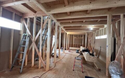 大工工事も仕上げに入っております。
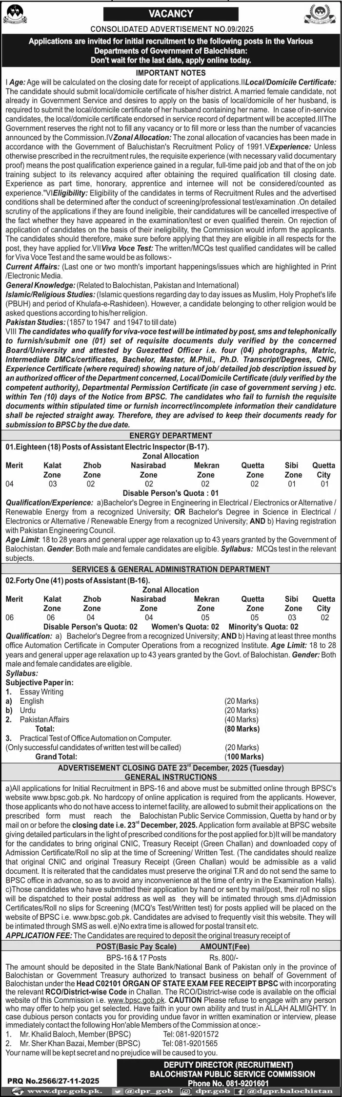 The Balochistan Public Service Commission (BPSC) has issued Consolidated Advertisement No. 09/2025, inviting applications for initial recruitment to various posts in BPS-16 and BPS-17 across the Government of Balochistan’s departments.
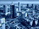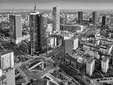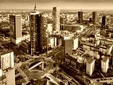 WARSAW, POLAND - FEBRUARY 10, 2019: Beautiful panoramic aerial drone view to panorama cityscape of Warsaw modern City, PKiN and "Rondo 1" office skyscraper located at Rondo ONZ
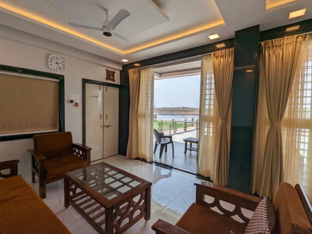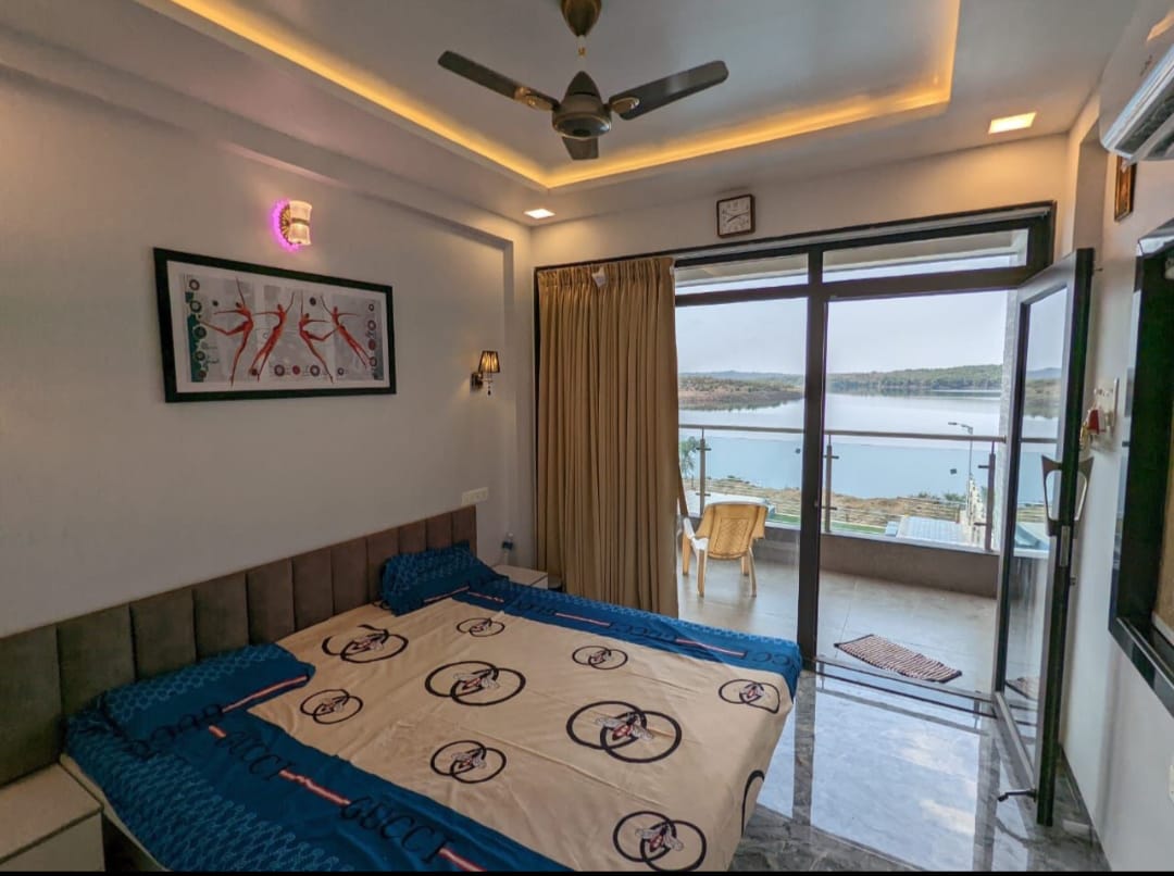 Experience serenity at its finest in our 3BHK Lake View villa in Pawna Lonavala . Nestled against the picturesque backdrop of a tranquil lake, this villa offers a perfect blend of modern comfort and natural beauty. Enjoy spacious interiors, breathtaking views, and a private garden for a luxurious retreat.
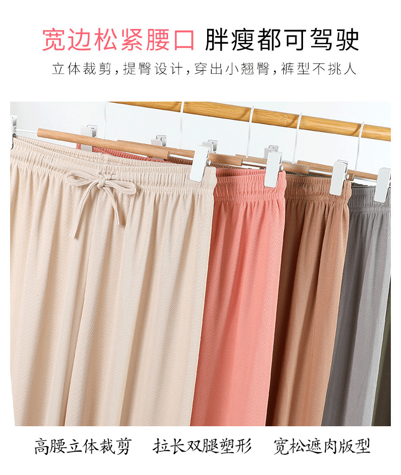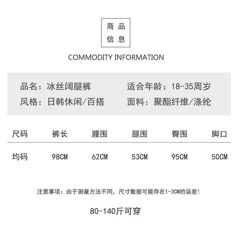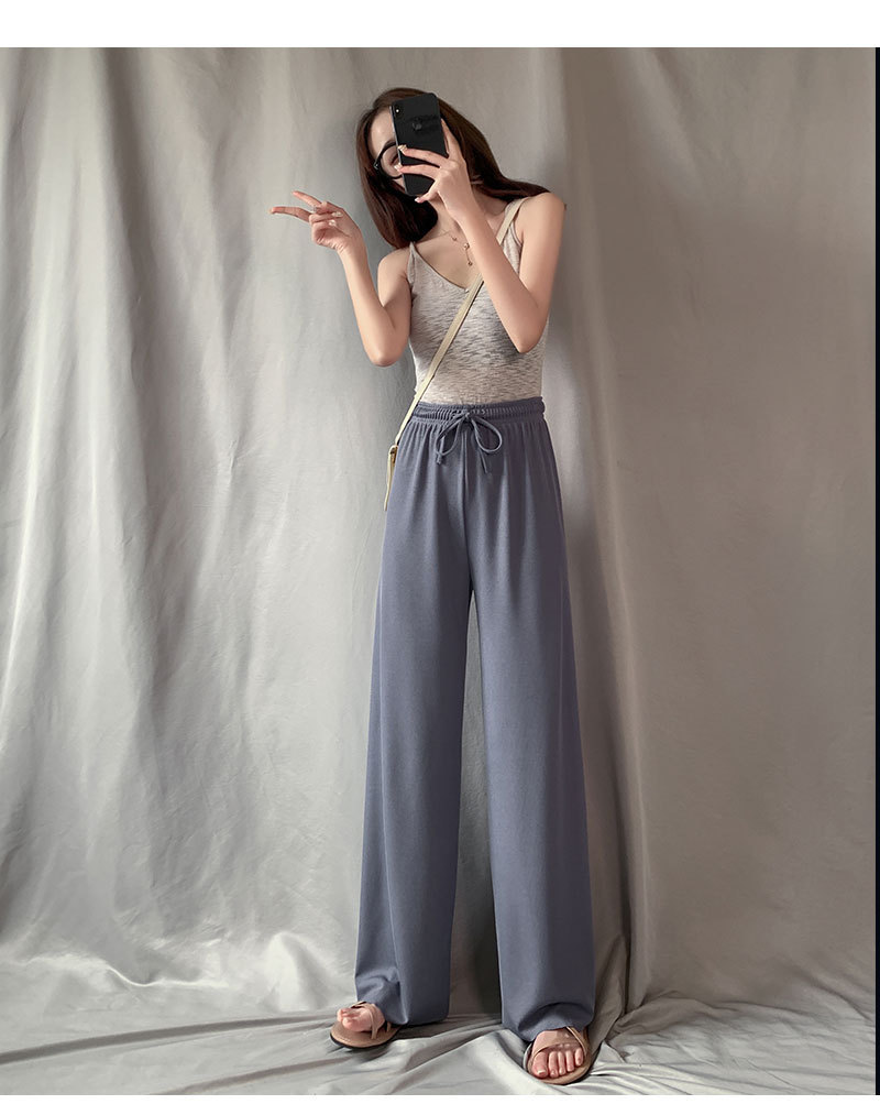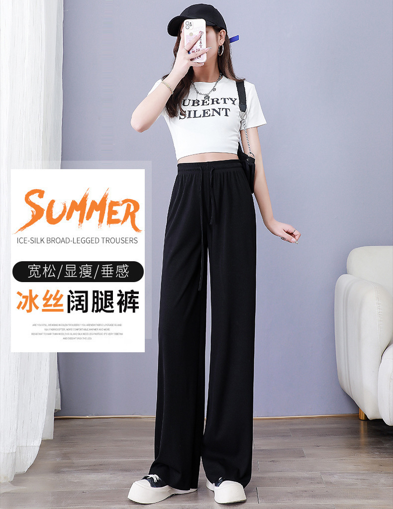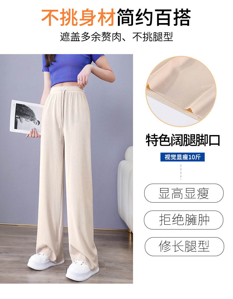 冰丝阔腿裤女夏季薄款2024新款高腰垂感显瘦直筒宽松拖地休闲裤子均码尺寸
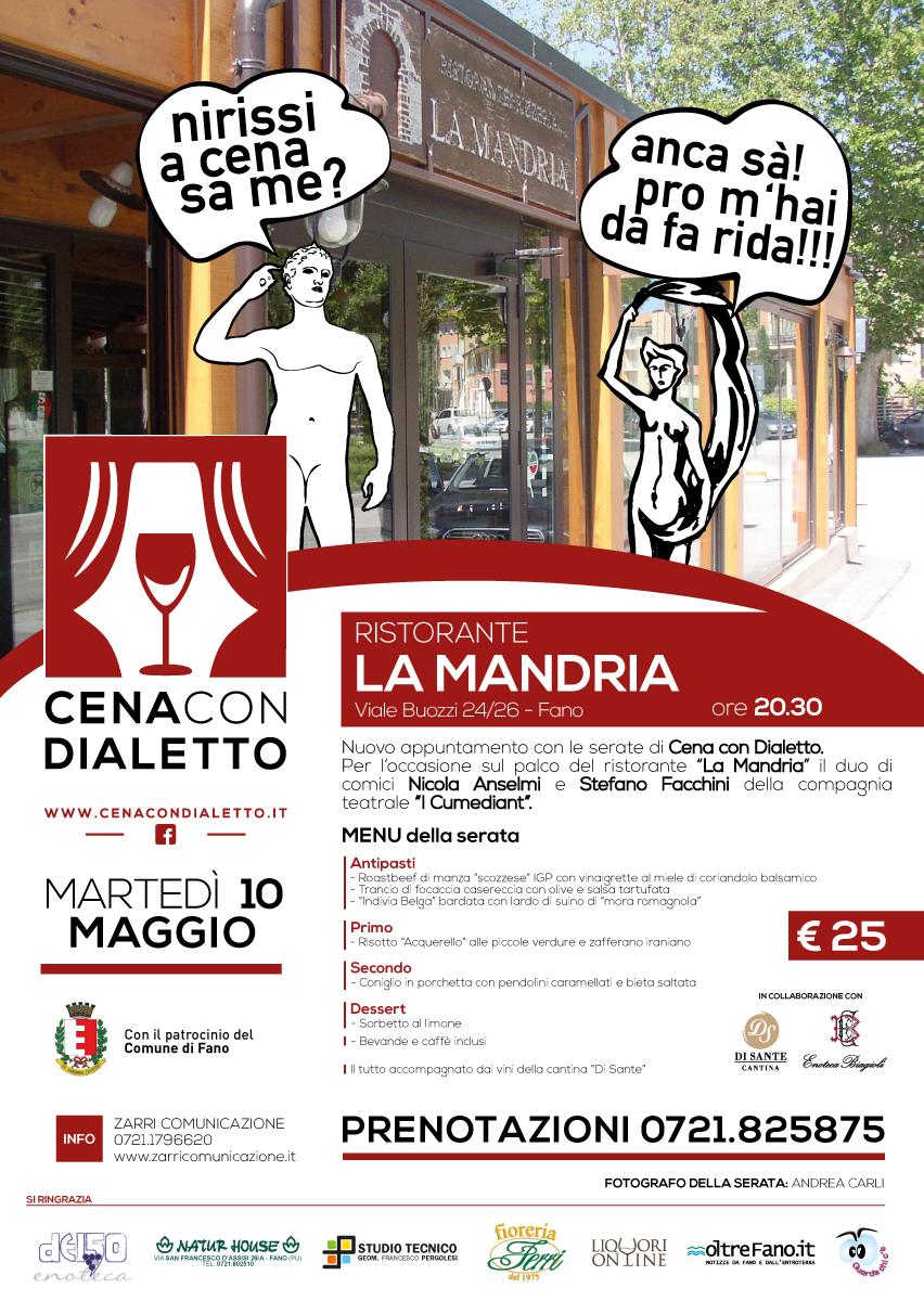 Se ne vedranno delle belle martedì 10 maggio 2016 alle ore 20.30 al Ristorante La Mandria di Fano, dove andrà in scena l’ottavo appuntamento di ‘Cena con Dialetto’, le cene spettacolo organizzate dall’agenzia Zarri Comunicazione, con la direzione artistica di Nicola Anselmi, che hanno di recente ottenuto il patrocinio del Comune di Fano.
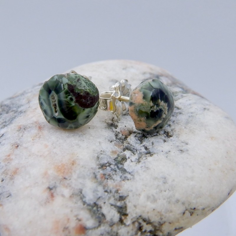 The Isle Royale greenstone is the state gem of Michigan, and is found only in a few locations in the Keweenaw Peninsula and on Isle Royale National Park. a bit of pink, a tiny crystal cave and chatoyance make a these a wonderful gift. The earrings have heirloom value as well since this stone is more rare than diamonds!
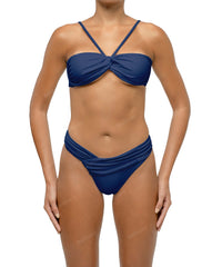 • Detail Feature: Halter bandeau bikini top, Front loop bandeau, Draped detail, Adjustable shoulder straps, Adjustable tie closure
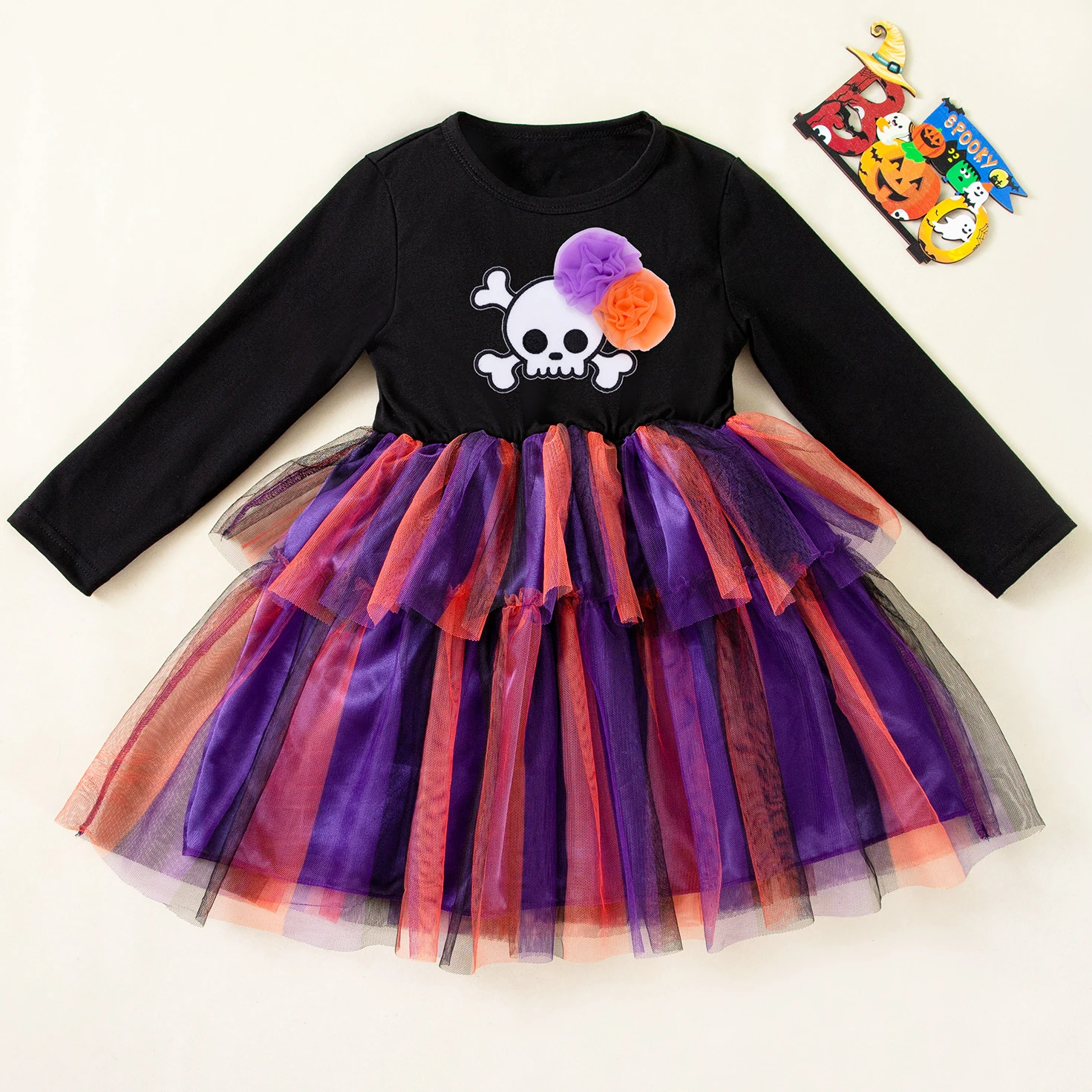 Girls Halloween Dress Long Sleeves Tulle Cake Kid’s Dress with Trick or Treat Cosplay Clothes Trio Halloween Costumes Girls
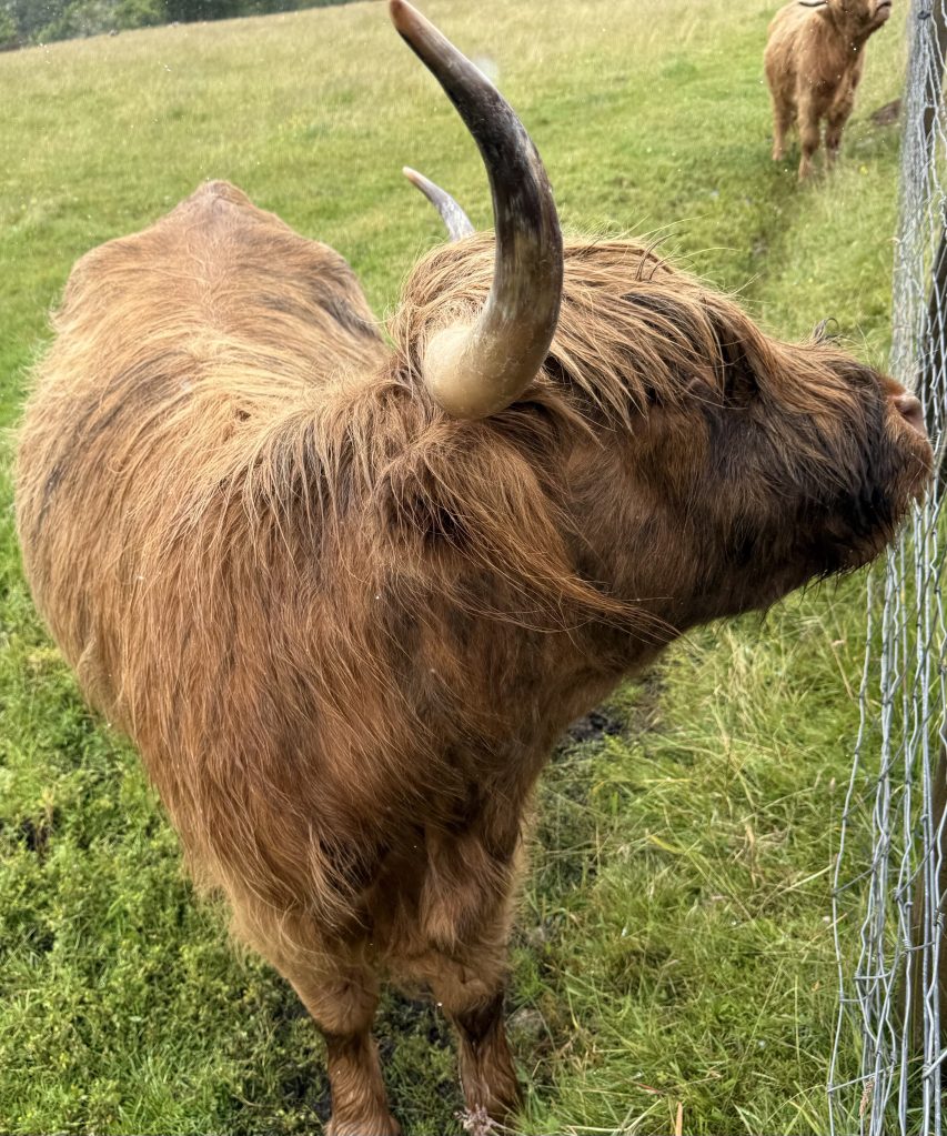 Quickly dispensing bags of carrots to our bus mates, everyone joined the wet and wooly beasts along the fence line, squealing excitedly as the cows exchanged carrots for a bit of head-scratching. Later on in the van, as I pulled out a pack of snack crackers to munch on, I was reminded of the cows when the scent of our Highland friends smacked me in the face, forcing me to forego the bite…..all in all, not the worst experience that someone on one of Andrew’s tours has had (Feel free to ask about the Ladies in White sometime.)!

**Task objective**:
Where a picture appears, omit it; otherwise reproduce each line above from the first to the one with "冰丝阔腿裤女夏季薄款2024新款高腰垂感显瘦直筒宽松拖地休闲裤子均码尺寸", inclusive.

**Task output**:
 大工工事も仕上げに入っております。
 The Balochistan Public Service Commission (BPSC) has issued Consolidated Advertisement No. 09/2025, inviting applications for initial recruitment to various posts in BPS-16 and BPS-17 across the Government of Balochistan’s departments.
 WARSAW, POLAND - FEBRUARY 10, 2019: Beautiful panoramic aerial drone view to panorama cityscape of Warsaw modern City, PKiN and "Rondo 1" office skyscraper located at Rondo ONZ
 Experience serenity at its finest in our 3BHK Lake View villa in Pawna Lonavala . Nestled against the picturesque backdrop of a tranquil lake, this villa offers a perfect blend of modern comfort and natural beauty. Enjoy spacious interiors, breathtaking views, and a private garden for a luxurious retreat.
 冰丝阔腿裤女夏季薄款2024新款高腰垂感显瘦直筒宽松拖地休闲裤子均码尺寸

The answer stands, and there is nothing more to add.